After much trial and error with simpler approaches like clustering and metaphones, I'm resolving to use pretrained phonetic embeddings.\
This team https://github.com/rahulsrma26/phonetic-word-embedding published a pretrained set of embeddings for the `cmudict` english phonetic dictionary.\
A scan of their paper suggests their basic approach was:
- Encode phonemes into Arpabet articulatory features -- (using phoneme spellings from the `cmudict`)
- Compute a custom Jaccard similarity score for bigrams of phoneme features that weights terminating vowel phonemes more highly (e.g. "marrY")
- Chain these bigram similarities into word similarity sums
- Compute a similarity matrix $M$ by computing this simliarity across all pairs of words
- Use SGD to learn word embeddings $V$ by minimizing loss $||M - VV^\intercal||^2$

**ABOUT THE LOSS**:\
This is pretty neat. For a dictionary of $d$ words and an embedding space of $m$ dimensions, $M \in \reals^{d\times d}$ and $V \in \reals^{d\times m}$. Thus, $VV^\intercal$ is actually a ***factorization*** of $M$. It gives us $m$-dimensional representations of each word that *preserve* the similarities we defined and computed in $M$. Indeed, $V$ could be derived with matrix-factorization since $M$ is positive symmetric. The authors use SGD instead since $M$ is prohibitively large for factorization.\
It is important to note as well that because we are effectively learning a factorization of the similarity matrix, the choice of the similarity scores used to comprise the matrix is *the most crucial factor* in making these embeddings meaningful. Not the loss function, or the model used for SGD.

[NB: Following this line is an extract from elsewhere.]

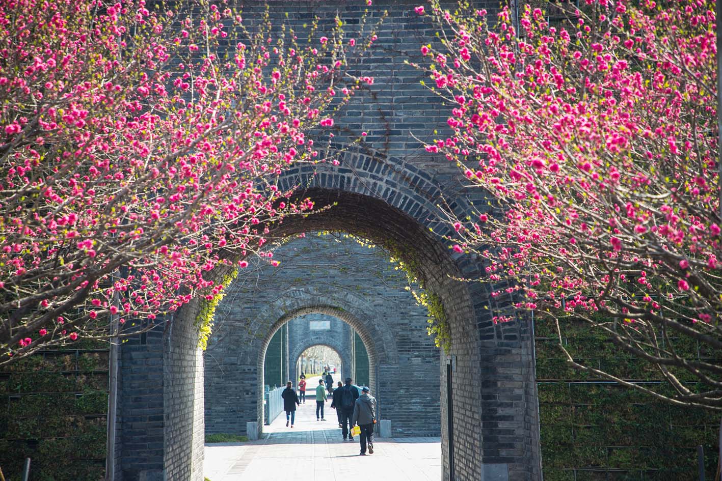 扬州的春天,少不了依依垂柳和灼灼桃花。眼下,扬州湖畔边、公园里的各色桃花竞相绽放,“桃红柳绿”的经典春色“上线”。宋夹城体育休闲公园里,各种桃花绽放枝头,白的如雪、粉的似霞、红的若焰,将千年古城的诗意与春意推向极致。市民游客在园内穿行,被明媚春色所吸引,纷纷拿出手机拍照留念,一眼望去,人也入了画。 王权振 史盼盼 摄

I think using these embeddings locks my into the words in `cmudict`. While they provide code for their SGD implementation, I don't think I can learn new word embeddings via fine-tuning because I would need to recompute a new similarity matrix $M$ that includes those new words....


In [None]:
# using pretrained embeddings from: https://github.com/rahulsrma26/phonetic-word-embedding
# this team made an algorithm to compute similarities between the phonetic spelling of words from cmudict (M)
# then learnt embeddings for each word (V) by minimimizing ||M - V V'||^2 with SGD
# due to the nature of this loss function, I don't think we can add new 
texts = []
with open(r"C:\Users\abbyv\scripts\phonetic-word-embedding\vector_embeddings\simvecs", 'r') as file:
    for line in file:
        texts.append(line)    

words = np.array([texts[i].split()[0].lower() for i in range(len(texts))])
emb = np.array([texts[i].split()[1:] for i in range(len(texts))])

In [None]:
class WordWrapper:    
    mdf = get_mdf()
    meta_list = pd.unique(mdf['metaphone'])
    ctoi = set(list(''.join(meta_list)))
    ctoi = {c : (i * 10) + 1 for i,c in enumerate(ctoi)}  # encode numerically w/ monotonic integers
    itoc = {i:c for c,i in ctoi.items()}

class MetaMatcher(WordWrapper):
    """
    Find phonetically similar words to provided word based on cosine-similarity to metaphone encodings
    """

    @classmethod
    def one_hot(cls, c: str):
        return np.array([1 if char == c else 0 for char in cls.ctoi.keys()])
    
    @classmethod
    # def enc(cls, meta: str):
    #     res = np.array(list(meta)).reshape(-1, 1)
    #     res = np.apply_along_axis(lambda x: one_hot(x), axis=1, arr=res)
    #     res = np.pad(res, ((0, 10 - res.shape[0]), (0, 0)), 'constant', constant_values=0)
    #     return np.ravel(res)
    def enc(cls, meta): 
        res = np.array([cls.ctoi[c] for c in list(meta)])
        return np.pad(res, (0, 10 - len(res)), 'constant', constant_values=0)

    @classmethod
    def dec(cls, vector): 
        return ''.join([cls.itoc[i] for i in vector])

    @classmethod
    def vectorize(cls, meta_list):
        """Vectorize metaphones within each group"""
        res = np.array([cls.enc(m) for m in meta_list])
        return res

    def __init__(self, n: int = 10):
        super().__init__()
        self.n = n
        self.M = self.vectorize(self.meta_list)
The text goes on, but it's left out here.